→ Source information
+++++
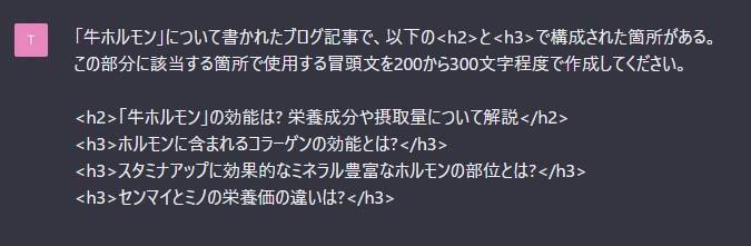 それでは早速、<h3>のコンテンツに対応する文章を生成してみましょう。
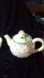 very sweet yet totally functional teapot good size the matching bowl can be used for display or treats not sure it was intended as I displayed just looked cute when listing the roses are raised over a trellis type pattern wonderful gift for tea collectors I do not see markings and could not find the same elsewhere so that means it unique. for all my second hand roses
+++++
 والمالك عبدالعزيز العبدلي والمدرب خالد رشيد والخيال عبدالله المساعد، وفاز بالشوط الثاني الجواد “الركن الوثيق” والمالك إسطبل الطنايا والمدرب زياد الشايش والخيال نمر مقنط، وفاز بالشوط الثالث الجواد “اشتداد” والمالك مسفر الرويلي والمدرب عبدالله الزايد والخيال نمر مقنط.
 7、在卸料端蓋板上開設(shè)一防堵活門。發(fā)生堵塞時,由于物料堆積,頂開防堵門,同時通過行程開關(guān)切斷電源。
+++++
→ Required action
Excerpt from the records above: set down only the lines from the one that contains "それでは早速、<h3>のコンテンツに対応する文章を生成してみましょう。" through the one that contains "very sweet yet", inclusive, word for word. Pictures stay out.

→ Task answer
 それでは早速、<h3>のコンテンツに対応する文章を生成してみましょう。
 very sweet yet totally functional teapot good size the matching bowl can be used for display or treats not sure it was intended as I displayed just looked cute when listing the roses are raised over a trellis type pattern wonderful gift for tea collectors I do not see markings and could not find the same elsewhere so that means it unique. for all my second hand roses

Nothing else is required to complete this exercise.